Task instructions >>
What the response needs is every record, repeated verbatim, and no images.

>>

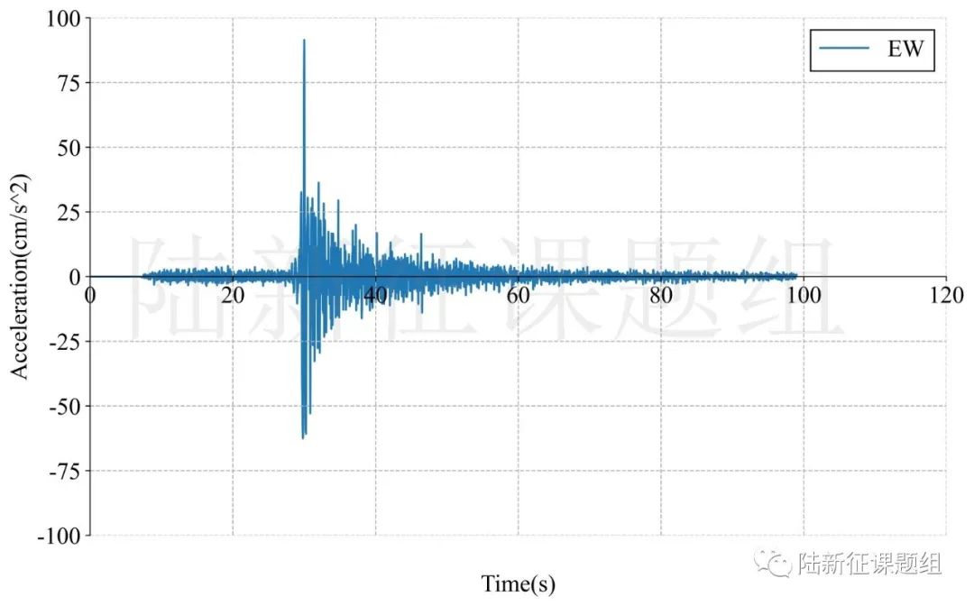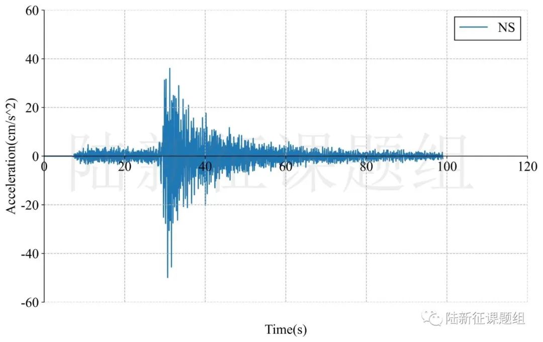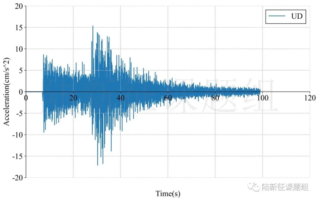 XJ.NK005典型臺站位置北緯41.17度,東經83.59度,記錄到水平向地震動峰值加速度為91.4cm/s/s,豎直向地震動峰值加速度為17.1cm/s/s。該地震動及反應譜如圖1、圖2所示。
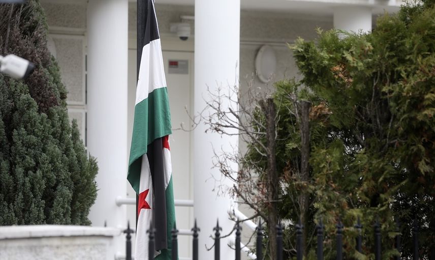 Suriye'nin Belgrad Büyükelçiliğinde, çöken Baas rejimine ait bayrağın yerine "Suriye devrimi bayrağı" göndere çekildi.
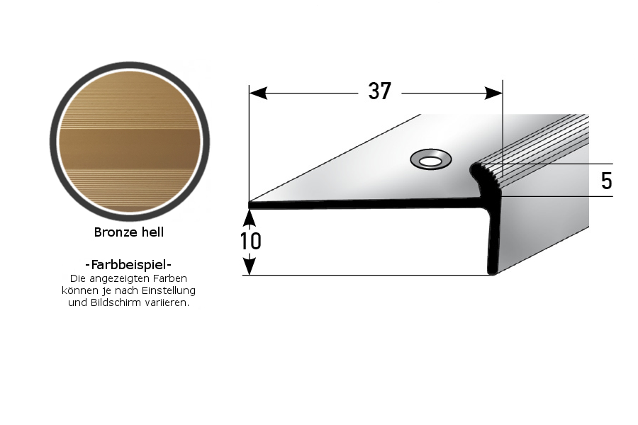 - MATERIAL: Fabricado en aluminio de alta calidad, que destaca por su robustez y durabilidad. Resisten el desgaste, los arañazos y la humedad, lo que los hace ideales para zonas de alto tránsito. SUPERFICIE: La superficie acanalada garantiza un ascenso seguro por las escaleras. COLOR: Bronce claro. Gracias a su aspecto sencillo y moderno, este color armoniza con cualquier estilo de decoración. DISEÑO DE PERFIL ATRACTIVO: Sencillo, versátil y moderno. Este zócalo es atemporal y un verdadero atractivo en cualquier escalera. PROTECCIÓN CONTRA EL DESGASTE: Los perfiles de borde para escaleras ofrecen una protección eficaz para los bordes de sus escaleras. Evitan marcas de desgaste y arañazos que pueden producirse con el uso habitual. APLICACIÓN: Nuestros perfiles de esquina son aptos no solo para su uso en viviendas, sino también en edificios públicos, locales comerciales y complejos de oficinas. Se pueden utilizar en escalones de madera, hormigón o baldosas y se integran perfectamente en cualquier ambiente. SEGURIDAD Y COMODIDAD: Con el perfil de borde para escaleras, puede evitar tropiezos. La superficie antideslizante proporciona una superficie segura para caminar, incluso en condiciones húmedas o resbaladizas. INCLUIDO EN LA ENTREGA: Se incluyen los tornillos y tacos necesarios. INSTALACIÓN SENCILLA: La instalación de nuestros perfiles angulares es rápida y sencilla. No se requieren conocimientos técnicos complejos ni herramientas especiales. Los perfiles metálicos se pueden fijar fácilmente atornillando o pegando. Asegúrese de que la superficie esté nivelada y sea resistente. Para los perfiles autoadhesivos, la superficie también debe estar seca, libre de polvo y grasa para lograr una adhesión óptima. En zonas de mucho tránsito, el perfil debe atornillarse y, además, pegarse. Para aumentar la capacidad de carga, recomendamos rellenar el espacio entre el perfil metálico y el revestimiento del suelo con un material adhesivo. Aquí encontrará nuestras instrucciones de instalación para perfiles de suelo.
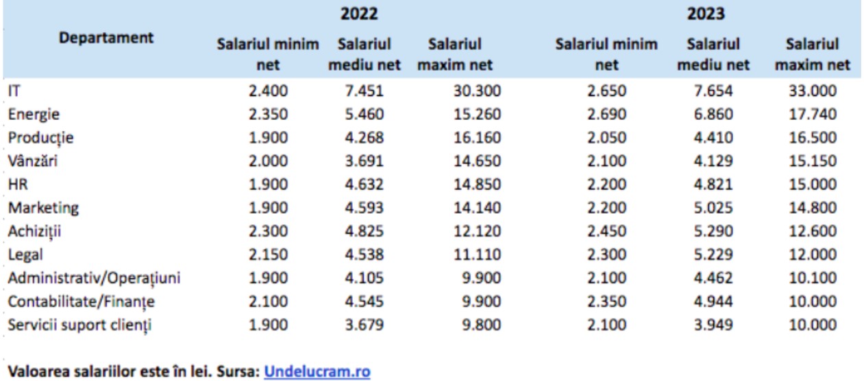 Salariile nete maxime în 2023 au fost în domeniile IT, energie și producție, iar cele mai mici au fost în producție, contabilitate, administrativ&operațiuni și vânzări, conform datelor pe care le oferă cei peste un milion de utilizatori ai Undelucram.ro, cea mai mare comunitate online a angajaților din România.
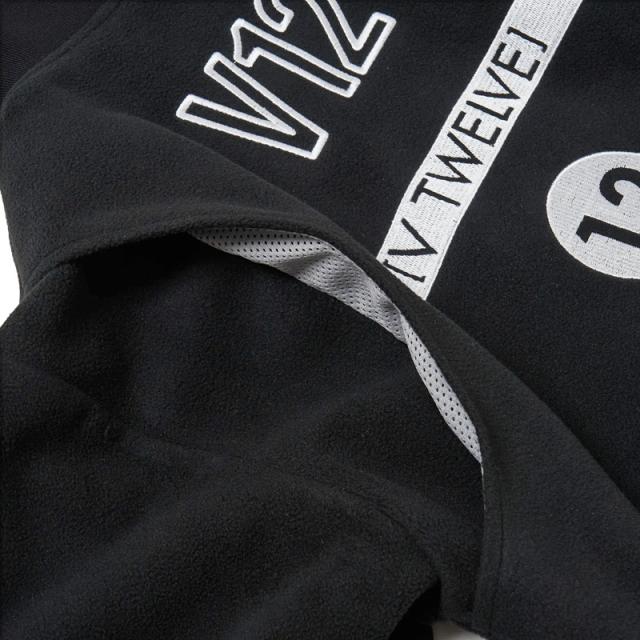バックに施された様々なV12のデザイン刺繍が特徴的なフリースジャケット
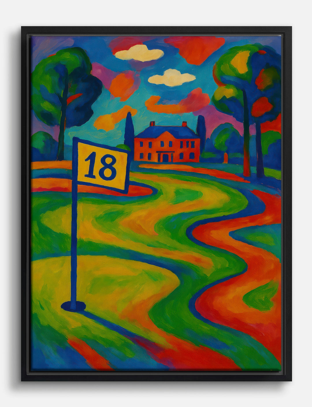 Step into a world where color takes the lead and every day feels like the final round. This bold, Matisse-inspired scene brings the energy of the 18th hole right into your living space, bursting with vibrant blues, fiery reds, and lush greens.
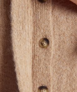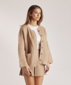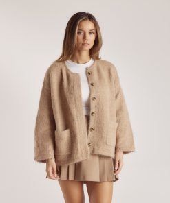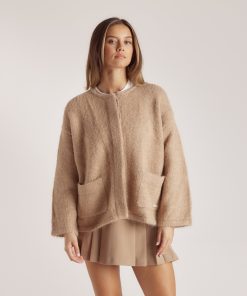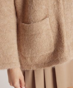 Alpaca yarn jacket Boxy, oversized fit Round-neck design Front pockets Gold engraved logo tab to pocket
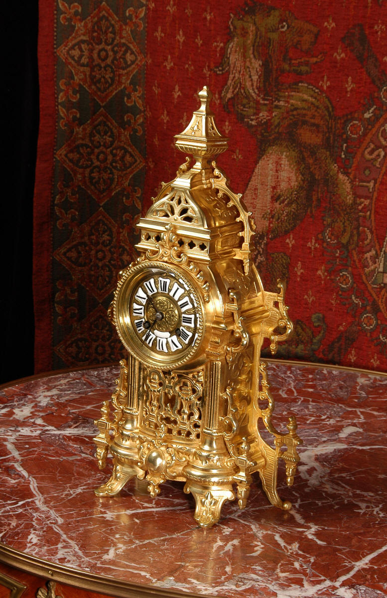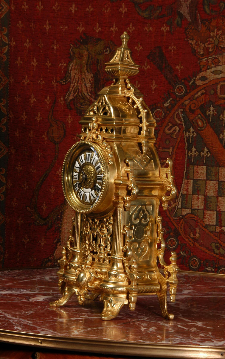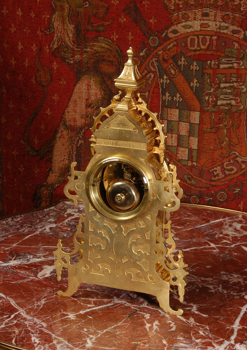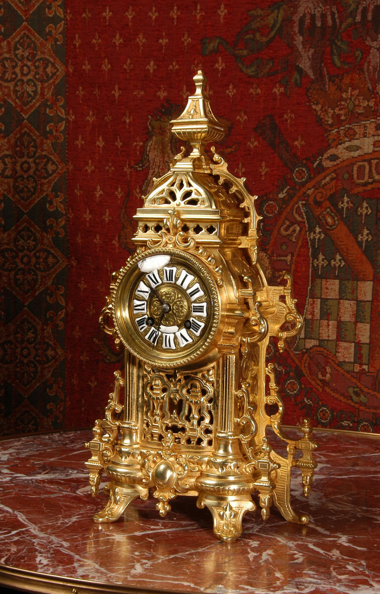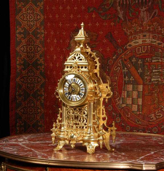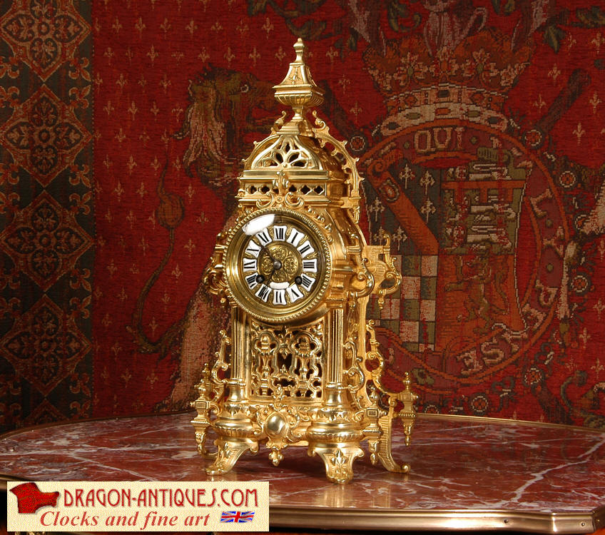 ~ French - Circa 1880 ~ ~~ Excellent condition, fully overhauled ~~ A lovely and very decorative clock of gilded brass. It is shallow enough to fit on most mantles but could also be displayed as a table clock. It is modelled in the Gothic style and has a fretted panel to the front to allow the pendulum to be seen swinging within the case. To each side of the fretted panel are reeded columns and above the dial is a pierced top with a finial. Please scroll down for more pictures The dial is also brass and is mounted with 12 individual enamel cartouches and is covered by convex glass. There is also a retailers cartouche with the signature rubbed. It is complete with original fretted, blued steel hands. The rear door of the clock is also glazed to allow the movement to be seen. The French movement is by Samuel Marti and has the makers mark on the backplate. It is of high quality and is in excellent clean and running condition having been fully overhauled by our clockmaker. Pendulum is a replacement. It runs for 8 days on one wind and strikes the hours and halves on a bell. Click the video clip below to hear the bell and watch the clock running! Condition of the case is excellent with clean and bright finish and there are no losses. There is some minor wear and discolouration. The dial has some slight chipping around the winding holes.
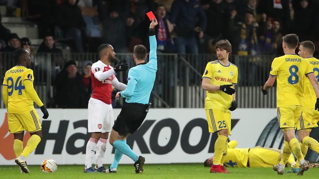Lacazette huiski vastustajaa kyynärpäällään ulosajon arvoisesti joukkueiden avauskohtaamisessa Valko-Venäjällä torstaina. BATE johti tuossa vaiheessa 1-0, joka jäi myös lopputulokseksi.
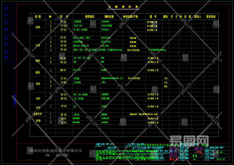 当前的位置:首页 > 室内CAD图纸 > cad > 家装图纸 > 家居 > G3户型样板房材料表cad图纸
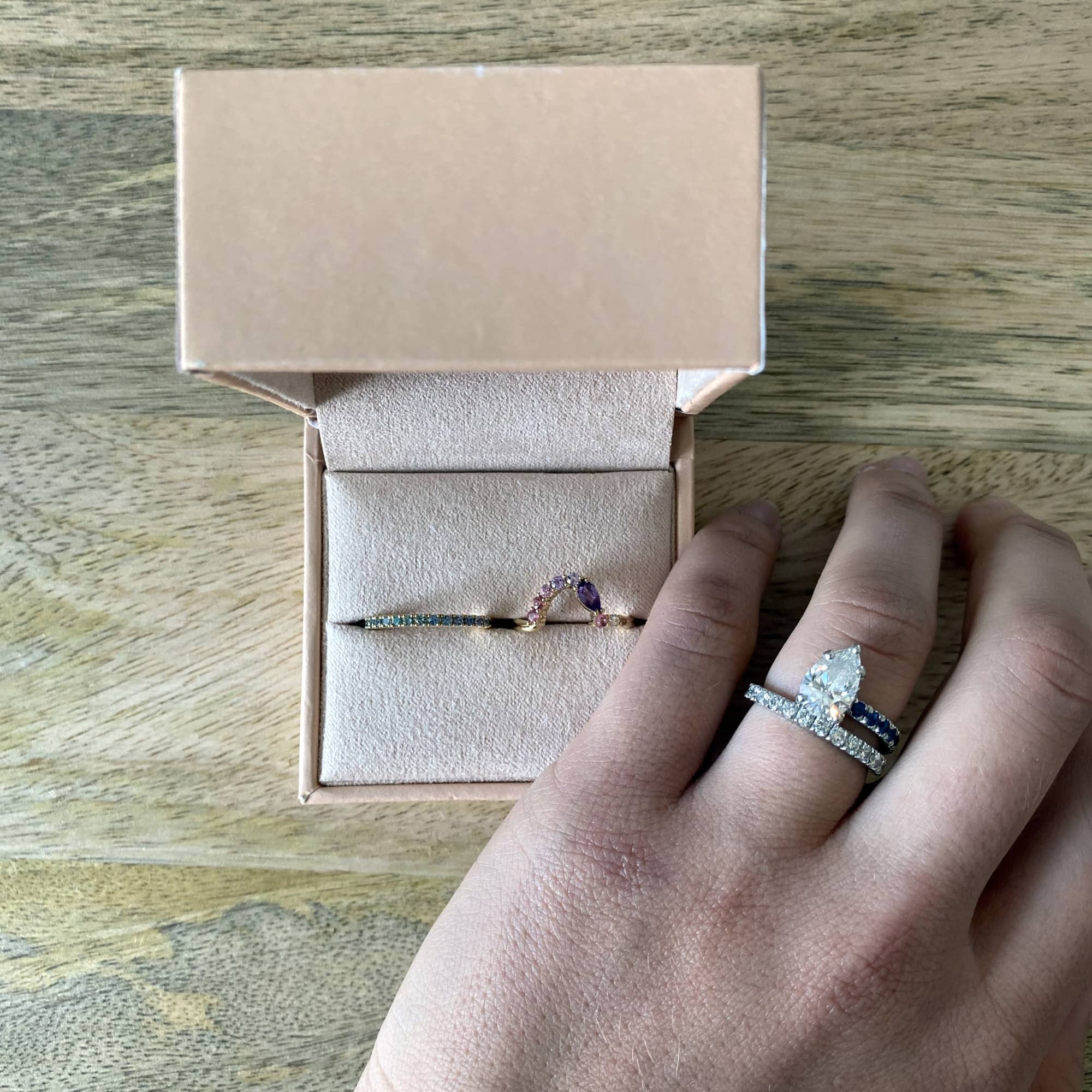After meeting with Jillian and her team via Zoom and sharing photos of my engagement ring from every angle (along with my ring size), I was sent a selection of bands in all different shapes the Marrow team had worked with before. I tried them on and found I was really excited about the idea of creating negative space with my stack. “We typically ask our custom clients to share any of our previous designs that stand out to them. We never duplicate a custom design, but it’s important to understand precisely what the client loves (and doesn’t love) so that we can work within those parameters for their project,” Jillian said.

<<

Task result >>
 XJ.NK005典型臺站位置北緯41.17度,東經83.59度,記錄到水平向地震動峰值加速度為91.4cm/s/s,豎直向地震動峰值加速度為17.1cm/s/s。該地震動及反應譜如圖1、圖2所示。
 Suriye'nin Belgrad Büyükelçiliğinde, çöken Baas rejimine ait bayrağın yerine "Suriye devrimi bayrağı" göndere çekildi.
 - MATERIAL: Fabricado en aluminio de alta calidad, que destaca por su robustez y durabilidad. Resisten el desgaste, los arañazos y la humedad, lo que los hace ideales para zonas de alto tránsito. SUPERFICIE: La superficie acanalada garantiza un ascenso seguro por las escaleras. COLOR: Bronce claro. Gracias a su aspecto sencillo y moderno, este color armoniza con cualquier estilo de decoración. DISEÑO DE PERFIL ATRACTIVO: Sencillo, versátil y moderno. Este zócalo es atemporal y un verdadero atractivo en cualquier escalera. PROTECCIÓN CONTRA EL DESGASTE: Los perfiles de borde para escaleras ofrecen una protección eficaz para los bordes de sus escaleras. Evitan marcas de desgaste y arañazos que pueden producirse con el uso habitual. APLICACIÓN: Nuestros perfiles de esquina son aptos no solo para su uso en viviendas, sino también en edificios públicos, locales comerciales y complejos de oficinas. Se pueden utilizar en escalones de madera, hormigón o baldosas y se integran perfectamente en cualquier ambiente. SEGURIDAD Y COMODIDAD: Con el perfil de borde para escaleras, puede evitar tropiezos. La superficie antideslizante proporciona una superficie segura para caminar, incluso en condiciones húmedas o resbaladizas. INCLUIDO EN LA ENTREGA: Se incluyen los tornillos y tacos necesarios. INSTALACIÓN SENCILLA: La instalación de nuestros perfiles angulares es rápida y sencilla. No se requieren conocimientos técnicos complejos ni herramientas especiales. Los perfiles metálicos se pueden fijar fácilmente atornillando o pegando. Asegúrese de que la superficie esté nivelada y sea resistente. Para los perfiles autoadhesivos, la superficie también debe estar seca, libre de polvo y grasa para lograr una adhesión óptima. En zonas de mucho tránsito, el perfil debe atornillarse y, además, pegarse. Para aumentar la capacidad de carga, recomendamos rellenar el espacio entre el perfil metálico y el revestimiento del suelo con un material adhesivo. Aquí encontrará nuestras instrucciones de instalación para perfiles de suelo.
 Salariile nete maxime în 2023 au fost în domeniile IT, energie și producție, iar cele mai mici au fost în producție, contabilitate, administrativ&operațiuni și vânzări, conform datelor pe care le oferă cei peste un milion de utilizatori ai Undelucram.ro, cea mai mare comunitate online a angajaților din România.
バックに施された様々なV12のデザイン刺繍が特徴的なフリースジャケット
 Step into a world where color takes the lead and every day feels like the final round. This bold, Matisse-inspired scene brings the energy of the 18th hole right into your living space, bursting with vibrant blues, fiery reds, and lush greens.
 Alpaca yarn jacket Boxy, oversized fit Round-neck design Front pockets Gold engraved logo tab to pocket
 ~ French - Circa 1880 ~ ~~ Excellent condition, fully overhauled ~~ A lovely and very decorative clock of gilded brass. It is shallow enough to fit on most mantles but could also be displayed as a table clock. It is modelled in the Gothic style and has a fretted panel to the front to allow the pendulum to be seen swinging within the case. To each side of the fretted panel are reeded columns and above the dial is a pierced top with a finial. Please scroll down for more pictures The dial is also brass and is mounted with 12 individual enamel cartouches and is covered by convex glass. There is also a retailers cartouche with the signature rubbed. It is complete with original fretted, blued steel hands. The rear door of the clock is also glazed to allow the movement to be seen. The French movement is by Samuel Marti and has the makers mark on the backplate. It is of high quality and is in excellent clean and running condition having been fully overhauled by our clockmaker. Pendulum is a replacement. It runs for 8 days on one wind and strikes the hours and halves on a bell. Click the video clip below to hear the bell and watch the clock running! Condition of the case is excellent with clean and bright finish and there are no losses. There is some minor wear and discolouration. The dial has some slight chipping around the winding holes.
Lacazette huiski vastustajaa kyynärpäällään ulosajon arvoisesti joukkueiden avauskohtaamisessa Valko-Venäjällä torstaina. BATE johti tuossa vaiheessa 1-0, joka jäi myös lopputulokseksi.
 当前的位置:首页 > 室内CAD图纸 > cad > 家装图纸 > 家居 > G3户型样板房材料表cad图纸
After meeting with Jillian and her team via Zoom and sharing photos of my engagement ring from every angle (along with my ring size), I was sent a selection of bands in all different shapes the Marrow team had worked with before. I tried them on and found I was really excited about the idea of creating negative space with my stack. “We typically ask our custom clients to share any of our previous designs that stand out to them. We never duplicate a custom design, but it’s important to understand precisely what the client loves (and doesn’t love) so that we can work within those parameters for their project,” Jillian said.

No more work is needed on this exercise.